Mattilda B Sycamore thinks it’s time for an intervention.
Gay culture has become obsessed with normalcy, sanitized by assimilation and increasingly soulless, Sycamore says.
For a community founded by desire, this decline is particularly discouraging. “Desire is what started us — in terms of our love and our community building and our visions of intimacy,” says the editor of the new anthology Why Are Faggots So Afraid of Faggots?
Not to mention the desire “for full self-expression” in a world that often wants gay men to simply disappear. “There was a sense of communal struggle,” Sycamore says, especially in the 1990s, when being a gay man meant being surrounded by death.
But that struggle has since been muted by shifting desires.
“The nature of the gay movement has made desire into a dead end,” Sycamore says. “The desire just means buy this cocktail, wear these clothes, go to these bars, look like this — it’s all about creating a consumer identity.”
How could our desire have veered so off-track?
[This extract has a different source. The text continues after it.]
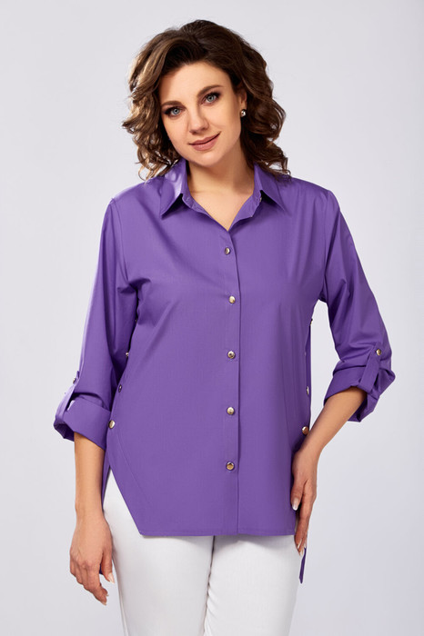 Рубашка женская прямого силуэта с центральной застёжкой на петли и декоративные пуговицы, выполнена из хлопчатобумажной ткани. Боковые швы полочки и спинки имеют фигурную форму и соединяются между собой застёжкой на петли и декоративные пуговицы. Воротник рубашечный, отложной на стойке. Рукав втачной, одношовный, длинный с манжетой, которая застёгивается на петлю и пуговицу, и патой, которой регулируется длина рукава. Низ рубашки разноуровневый, полочка короче, спинка -длиннее.

Sycamore blames the desire itself.
“Desire is what brought us to this sort of gay culture that either is obsessed with normalcy at any cost or this sort of close-the-blinds . . . lack of accountability or communal care,” she says.
“It’s now about fighting for the right to kill or get hitched,” she says, referring to the gay marriage battles and the push to end the US military’s Don’t Ask, Don’t Tell policy. “I think there was a little more space in the early ’90s for flamboyance and for challenging political decisions. In San Francisco, there is a history of radical alternatives to community, family and sexuality. And since then, those cultures [and radical ideas] have been marginalized.”
Today’s focus, she argues, is shaped by mainstream ideas of family and marriage. These ideals have become so dominant that there is no room for any alternative.
“Now, you turn on the TV and you see vapid, hyper-consumer, pointless representations of gay identity, and you’re supposed to relate.”
For Sycamore, that’s worse than turning on the TV and seeing no gay representation at all.
“In the early ’90s, gay identity was represented by straight homophobic representations, but now we have gay people articulating straight, homophobic representations. Is that better? We’ve internalized the emptiness and violence of straight normalcy and we project that as our own goal and representations,” she says.
“The question for me is what would be an intervention for that kind of morass.”
As alarming to her as the sanitization of our healthy desire is the hyper-calculated, almost brutal, desire that smoulders underground, callous and unchecked.
Go into any chatroom and you’ll find that scorn has become “just a preference,” lack of respect is assumed, and lying is a given, Sycamore says.
“Under 30 only, no blacks or no Asians, or no femmes or fatties — these are universally articulated norms. In so many ways, our gay culture has become about who is excluded.”
As someone who grew up being called a “sissy” and a “faggot,” Sycamore knows what it’s like to feel excluded, particularly from an aggressively masculine world.
“What I find so tragic about mandatory masculinity in gay culture is that gay men are desperate to embrace the exact same thing that oppressed, and continues to oppress, so many faggots and sissies growing up — not to mention women, queers, trans people and yes, even straight men, the ones who can’t or aren’t willing to measure up either.”
Gay men are increasingly citing strong, hairy, tall, muscular men as their type and eschewing the wispier, willowier among us.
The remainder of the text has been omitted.